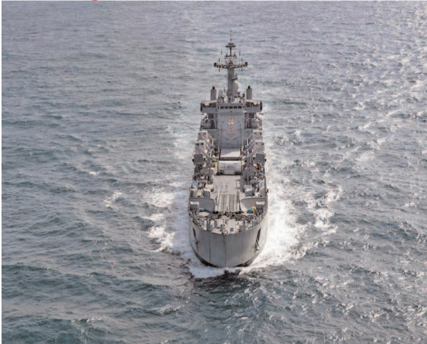
The 1st Training Squadron (comprising Indian Naval Ships Sujata, Magar, Shardul, Sudarshini, Tarangini and Coast Guard Ship Vikram) is on a four day visit to Sri Lanka from 24 - 28 Oct 21 as part of their Overseas Deployment for the 100th and 101st Integrated Officers Training Course.
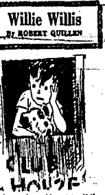
Willie Willis By Robert Quillen

Woolen-wool fleeces are looking good at this time. Mr. Curran said reports from eastern markets are to the effect that lambs that have reached the market from South Idaho are dressing out exceptionally well and being used with but little

◆ Exercise aim:
The result should be every line of the data, reproduced exactly, with the images removed.

◆ Written reply:
The 1st Training Squadron (comprising Indian Naval Ships Sujata, Magar, Shardul, Sudarshini, Tarangini and Coast Guard Ship Vikram) is on a four day visit to Sri Lanka from 24 - 28 Oct 21 as part of their Overseas Deployment for the 100th and 101st Integrated Officers Training Course.
Willie Willis By Robert Quillen

Woolen-wool fleeces are looking good at this time. Mr. Curran said reports from eastern markets are to the effect that lambs that have reached the market from South Idaho are dressing out exceptionally well and being used with but little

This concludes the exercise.